Music review: Robert Shafer and City Choir at Cathedral of St. Thomas More
Robert Shafer offered a tribute to French music with the City Choir of Washington at Arlington's Cathedral of St. Thomas More on Sunday night. More specifically it was a personal homage to his own education with Nadia Boulanger, the legendary muse of so many American musicians. The spartan harmonies of the austere opening work, the "Hymne au Soleil" by Nadia's sister Lili Boulanger, set a serious tone for the evening.
Maurice Duruflé's Requiem Mass was the centerpiece of this concert, rescheduled after being canceled by the record-breaking snows last month. More than any other composer, Duruflé was able to preserve the unmetered flow of Gregorian chant melodies within a modern harmonic and rhythmic context, and the result can be either meditative or soporific, depending on your inclination.

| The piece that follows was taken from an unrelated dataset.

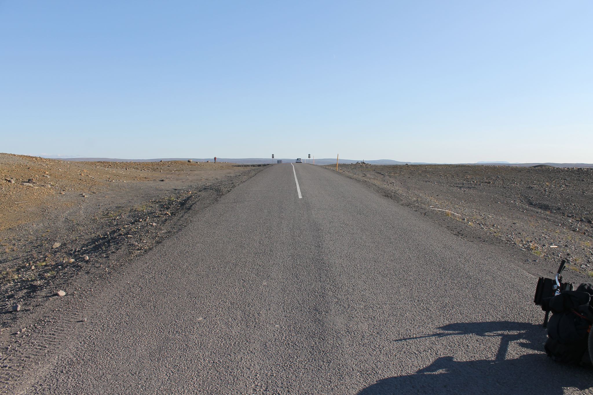 Après une courte nuit au camping, on laisse les valises à la consigne du camping et on se dirige vers l’aéroport de Reykjavik, beaucoup plus petit. Harold – imaginez Oaken le vendeur dans la Reine des neiges. Harold c’est lui – charge les vélos dans la soute. Littéralement. Harold prend les vélos, ouvre la soute de l’avion, pose les vélos et referme la soute. On aurait chargé un sac à dos dans un autocar que ça aurait fait le même bruit. Enfin bon, je vous passe les contrôles de sécurité qui se résume à… rien en fait. Le terminal est grand ouvert sur la piste. Vous n’imaginez pas à quel point c’est reposant de simplement faire confiance aux gens sans avoir à montrer patte blanche tout les dix mètres. Décollage, atterrissage à Akureyri. Là, on passe heure à remonter les vélos, seuls, dans un aéroport absolument désert. On achète à manger au Bonus, du gaz à une station service et on décolle, à vélo cette fois, vers 17h30. C’est parti pour 400km, avec quand même une petite boule au ventre due à l’appréhension.

The devotion and intensity of the choir's volunteer singers impressed more than the musical quality; the singing was sometimes rough and unfinished in terms of intonation and beauty of phrasing, making for a concert that was mostly enjoyable, if not distinguished.
The best performance came with Francis Poulenc's tender, impassioned "Litanies à la Vierge Noire," a response to his conversion experience at the Shrine of the Black Virgin in Rocamadour. The high soprano sound, reduced to the clearest voices, was admirably pure, a solution that could have benefitted the "Pie Jesu" movement of the Requiem, among other pieces. Poulenc's "Seigneur, je vous en prie" did not show the men's voices in as favorable a light, the first tenors especially going excruciatingly flat. Organist Paul Skevington accompanied the group with an appropriate heft, although being at the console far away in the choir loft, watching Shafer's hands on a video monitor, had to be stressful.